As in the volunteer, maps calculated from the unprepared measurement (Nb. 2A) with model (a) are noisy, while robust fitting was possible in the inversion-prepared case (Nb. 2B) with model (b) and with the proposed combined reconstruction (Nb. 2A and B) by model (c).
The statistical equivalence test for the combined reconstruction model (model (c)) revealed that the mean difference between T1 values from measurements with and without pause was below the equivalence bounds in all ROIs. Tests on the T1 values gained by model (b) from IR measurements showed that the mean difference was below the equivalent bounds in ROIs 5–8. T1 values in the ROIs 1–4, featuring the longest T1 values, cannot be considered equivalent within the given bounds. Tests for reconstruction model (a), unprepared measurement, revealed that the mean difference between T1 values from measurements with and without pause was outside the equivalence bounds in all ROIs, except for ROI 5.

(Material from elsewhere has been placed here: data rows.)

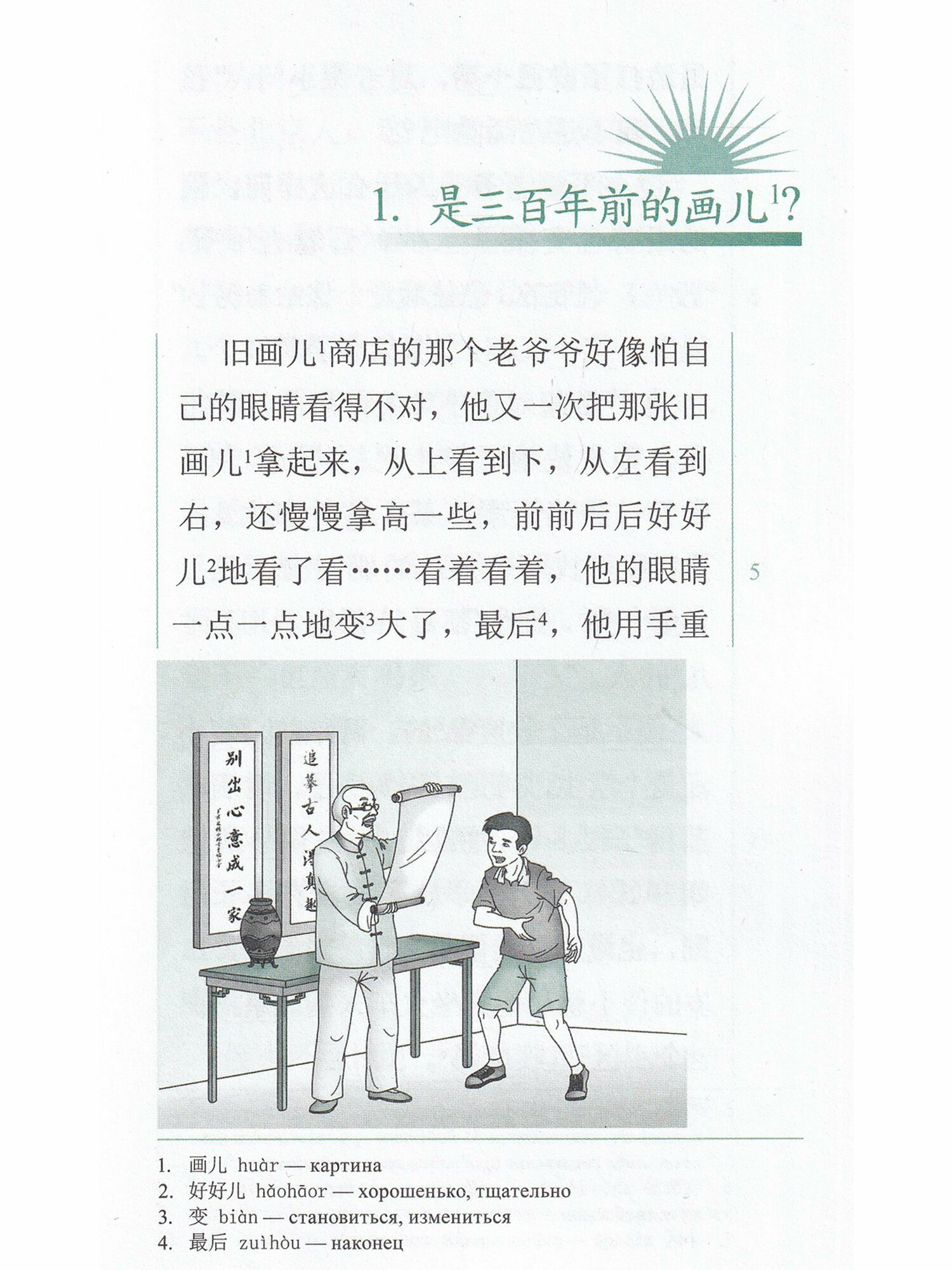 Книга для чтения "Одна старинная картина" из серии "Китайский бриз" предназначена для изучающих китайский язык. Она поможет в освоении новой лексики и расширении словарного запаса. Издание относится к уровню 2: чтобы освоить новую лексику из пособия, необходимо знать 500 базовых слов.
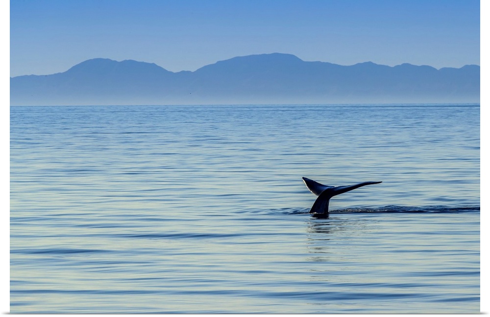<p>The world's largest animal, a blue whale raises its fluke out of the water.</p>
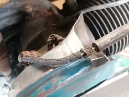 Beule wird dann so gut es geht auch rausgedengelt. Dann kommt ein neues Schlitzrohr drauf...
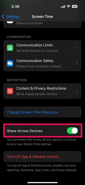 したがって、iPhoneの画面時間設定でデバイス全体で共有をオフにすると、セットが自動的にグレー化された問題を解決し、トグルを再生します。あなたはそれを行うために下の手順に従うことができます:
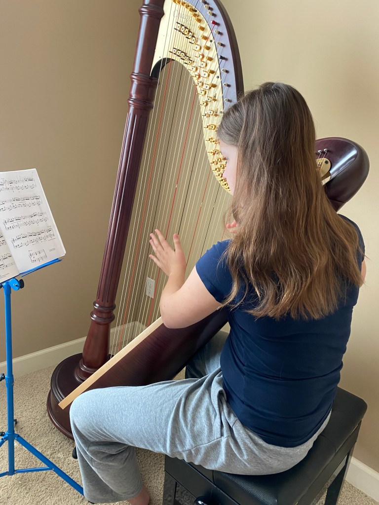 Efter Zumba sprang jag direkt ner till musikrummet där Lillasyster redan hade satt sig vid sin harpa och värmde upp. Det var dags för lektion i harpa Eftersom jag var trött och svettig efter mitt träningspass, gömde jag mig bakom skärmen och gjorde anteckningar, medan Lillasyster och henens lärare diskuterade och spelade. Halvtimmen gick fort och det var som alltid roligt att sitta med och lyssna.
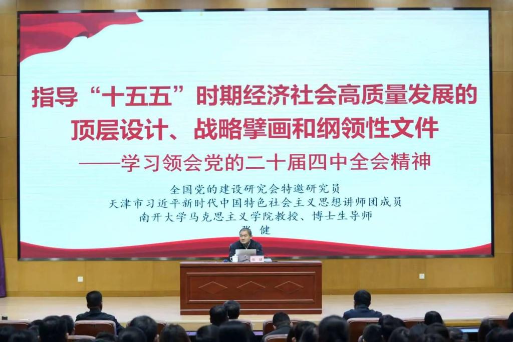 专题辅导阶段,邀请了南开大学马克思主义学院教授张健作题为《指导“十五五”时期经济社会高质量发展的顶层设计、战略擘画和纲领性文件——学习领会党的二十届四中全会精神》的专题讲座,从更高维度、更广阔视野带领大家深刻领悟全会精神。
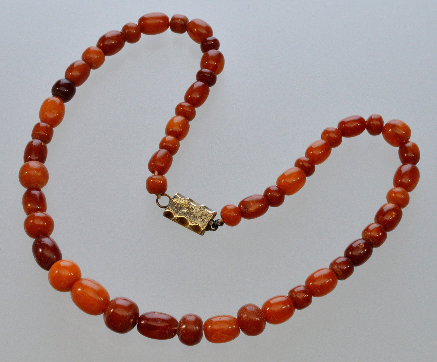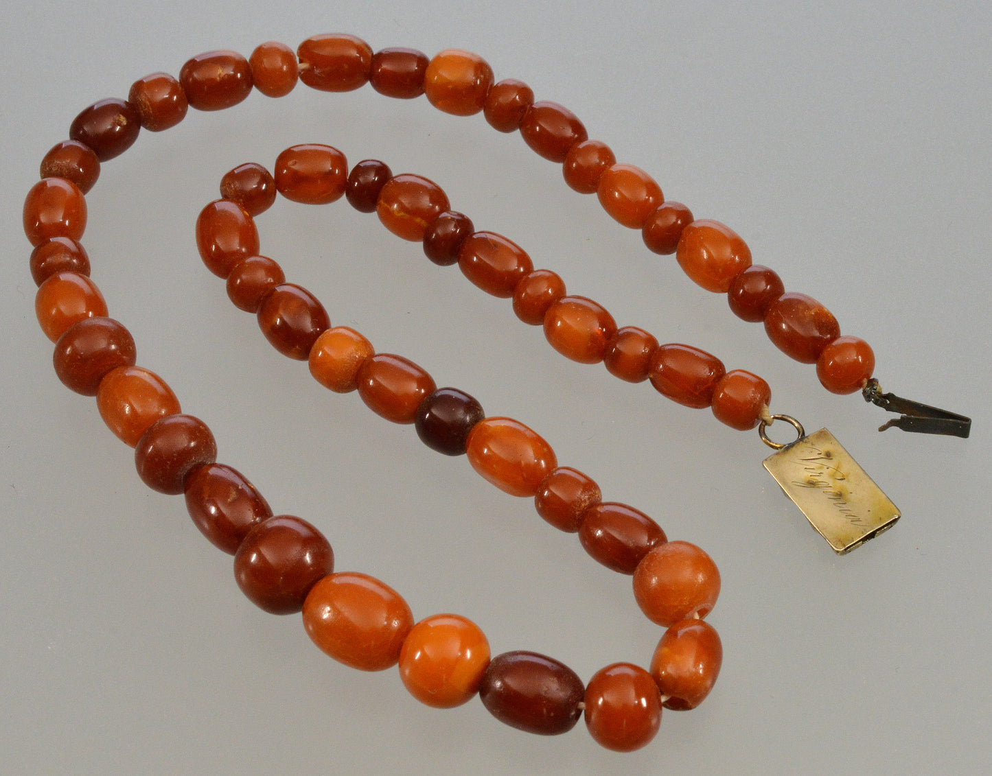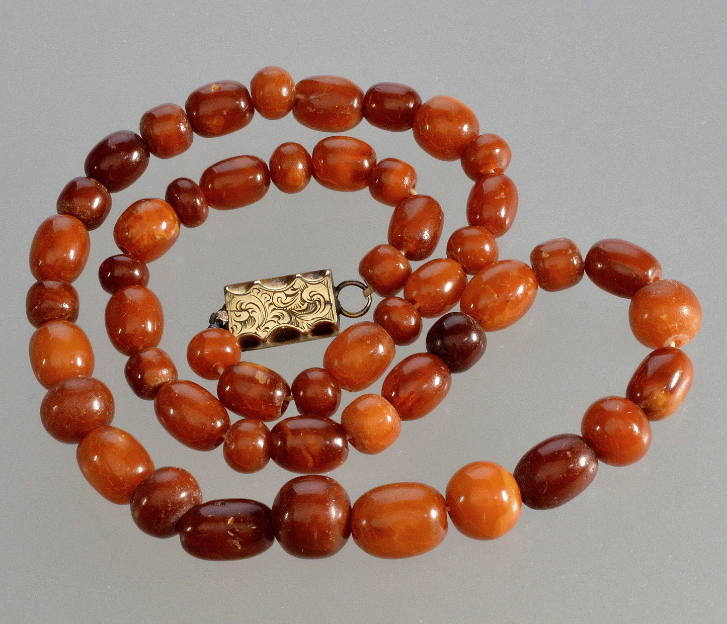 Antique Victorian Butterscotch Amber Bead 9K Gold Necklace C.1890
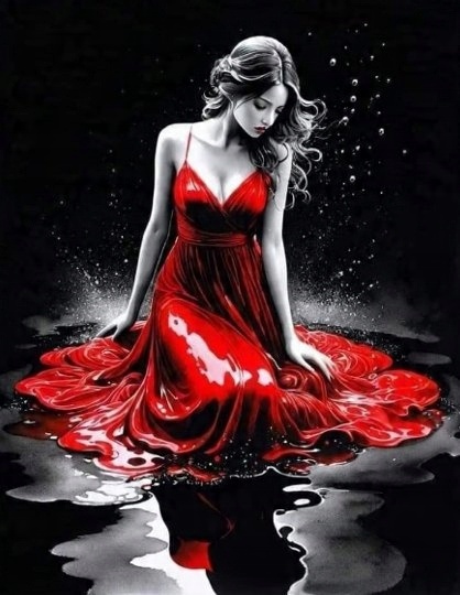Diamentowa Mozaika Kobieta W Czerwonej Sukience 30x40 Cm Kreatywne Diamenty
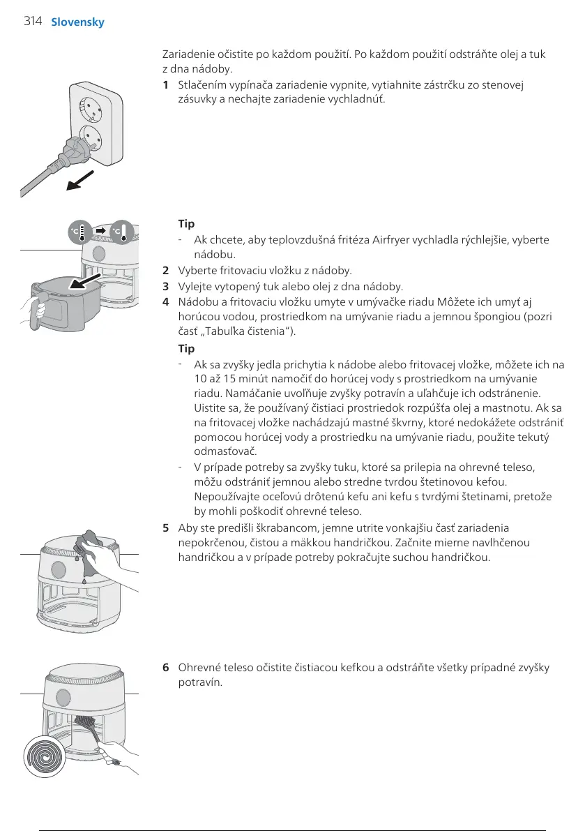 6 Ohrevné teleso očistite čistiacou kefkou aodstráňte všetky prípadné zvyšky
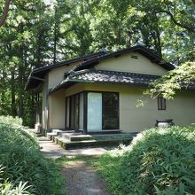 日本の近代芸術家の一人、梅原龍三郎のアトリエで、建築は近代数寄屋建築の大御所、吉田五十八というビッグネームのコラボです。見学は外観のみでしたが、窓からアトリエ内部を覗き見ることができ、イーゼルに絵が置かれていたり、往時の雰囲気が再現されていて面白かったです。
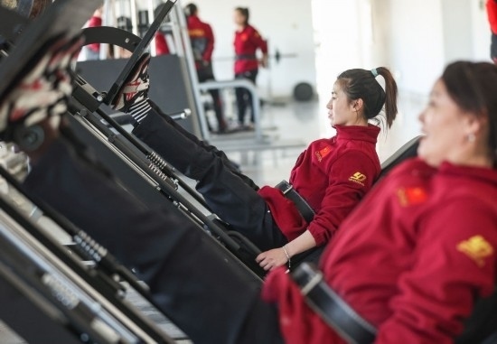 48歲的田甜在隊伍中打頭繩,也是隊員們的老大姐。因為膝蓋有傷,她訓練時沒法做負重深蹲,她就做腿部蹬舉。130公斤的蹬舉,每組120個,她每天會多做好幾組?!坝柧毐荣?,誰也不能掉隊,就像一根繩,少了哪股都不行?!碧锾鹫f。
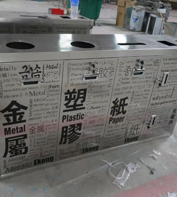 • 產品材質:不銹鋼五分類環保回收箱采用201#,202#,304#優質不銹鋼材料模壓成型,堅固耐用,不易破損;耐火安全,抗高低溫,適合各種惡劣氣候條件;金屬亮澤,高雅美觀,廣泛適用于各種場所;內外表面光潔,減少垃圾殘留,易于清潔;配置鍍鋅板內桶,便于垃圾清倒;
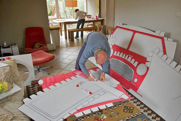 Megépítették ugyanis az 1959-es Mini Morris Minor replikáját kartondobozból – törekedtek a teljesen pontos mérethűségre. A munkát valamelyest nehezítette, hogy egy 2010-es Countryman belsejébe pászították be a közel hatvanesztendős elődöt.
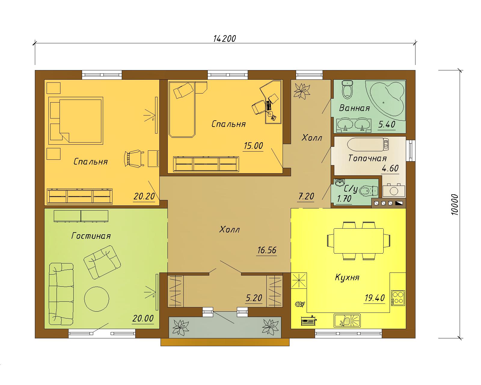 Толедо – проект одноэтажного дома с многоскатной кровлей и большими панорамными окнами. Внешний традиционный стиль в экстерьере, прекрасно сочетается с практичной планировкой. Отсутствие большого числа перегородок визуально расширяет пространство. Панорамные окна в гостиной и кухне дают большое количество света.
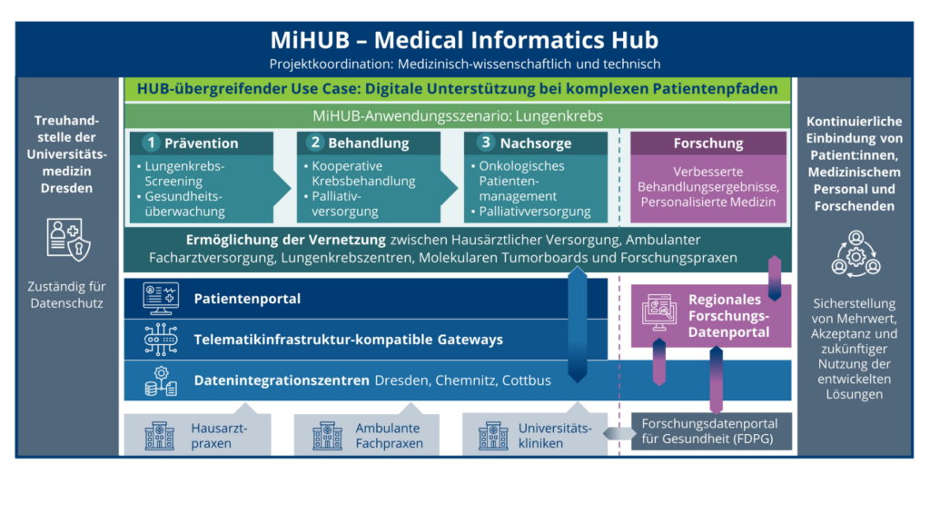 MiHUB verfolgt das Ziel, einen zentralen Hub für Forschende, Pflegekräfte und Patient:innen in Ostdeutschland zu etablieren, indem ein sektorübergreifender Datenraum geschaffen wird, der durch ein fortschrittliches Kommunikations-, Daten- und Forschungsnetzwerk unterstützt wird. Dieses Netzwerk verbindet die Datenintegrationszentren, die als Multiplikatoren für benachbarte Regionen fungieren, und ermöglicht die Forschung zu versorgungsorientierten Netzwerken. Das in der ersten Förderphase entwickelte Patientenportal wird erweitert, um die interprofessionelle und intersektorale Zusammenarbeit entlang des gesamten Versorgungskontinuums zu verbessern und Module kooperierender DigiHubs zu integrieren.
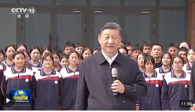 在高一(1)班教室,總書記說,要把鑄牢中華民族共同體意識作為學(xué)校思政課的一個重點(diǎn),講好中國共產(chǎn)黨和中國特色社會主義的故事,講好新時代以中國式現(xiàn)代化全面推進(jìn)強(qiáng)國建設(shè)、民族復(fù)興偉業(yè)的故事,講好中華民族共同體和民族團(tuán)結(jié)進(jìn)步的故事,把中華民族共同體意識從小就植入孩子們的心靈。

Deviations of ROI-based mean T1 values between the combined fit model (c) and the TSE reference measurement were 0.4%, 2.0%, 2.5%, 2.0%, 1.0%, 1.2%, 1.2% and 1.6%, respectively, for the eight ROIs in the decreasing T1 order. Deviations to phantom manual values were 4.3%, 5.6%, 3.2%, 4.3%, 5.3%, 2.9%, 4.5%, 8.2%, respectively, for ROIs 1–8 (see also Supplementary Table S1).
3.4 Volunteer ensemble
T1 maps were calculated for all slices in all eight healthy volunteers and by all three reconstruction models. The T1 maps acquired from the TSE reference measurement and T1 maps calculated from the combined model (c) in a corresponding slice are shown in Supplementary Figure S2. Mean T1 and SD, as calculated by model (a), were 1,567 ± 139 ms in CSF, 967 ± 37 ms in the gray matter, and 529 ± 43 ms in the white matter. Mean T1 and SD, as calculated by model (b), were 2,278 ± 240 ms in CSF, 1,022 ± 44 ms in the gray matter, and 559 ± 84 ms in the white matter. For the combined model (c), mean T1 values and SD of 2,911 ± 240 ms in CSF, 1,198 ± 58 ms in the gray matter, and 557 ± 40 ms in the white matter were found. Separate results for each volunteer and area are collected in Table 3, relative deviations are collected in Supplementary Table S2. In general, model (a) underestimates T1 values and has high SD within the ROIs in each volunteer. Model (b) has lower SD within ROIs and shows underestimation of T1 values, especially in tissue with slow relaxation. The results from model (c) agree within the error bounds with the T1 times as determined by the reference measurement and are in good accordance with the literature values [27–29]. In addition, they feature low SD within each of the evaluated areas, indicating robust fitting.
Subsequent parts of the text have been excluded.